No artigo metapsicológico “O Inconsciente”, que estamos terminando de estudar linha a linha lá nas aulas ao vivo da CONFRARIA ANALÍTICA, Freud apresenta 4 características dos processos de pensamento no Inconsciente.

Muita gente não sabe, mas o Inconsciente NÃO é um lugar obscuro e misterioso dentro de nós, cheio de emoções reprimidas.

Na verdade, o Inconsciente nada mais é que um sistema psíquico.

E, como tal, constituído de PENSAMENTOS.

Isso mesmo: pensamentos, isto é, ideias, representações, desejos, memórias etc.
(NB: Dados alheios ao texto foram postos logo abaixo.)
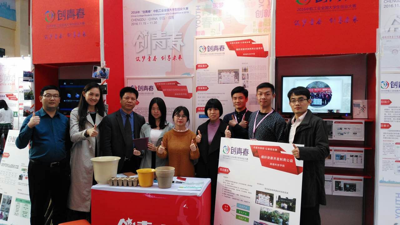 11月19日,陈海峰团队创作的“烟秆资源开发利用公益项目”在2016年“创青春”全国大学生创业大赛决赛上载誉归来,斩获银奖,实现学校这一赛事国家级银奖零的突破,创今年会建校以来最好成绩。

— Uai, Lucas, mas, então não tem diferença entre o Inconsciente e a Consciência? Porque, pelo que você tá falando, tem pensamento tanto em um quanto no outro…

Sim, caro leitor.

Só que os pensamentos inconscientes funcionam de uma maneira bem diferente dos pensamentos que estão localizados na Consciência (ou melhor, no Pré-consciente, que é o nome técnico que a Psicanálise dá para o sistema psíquico onde ficam armazenadas as ideias das quais a gente pode tomar consciência).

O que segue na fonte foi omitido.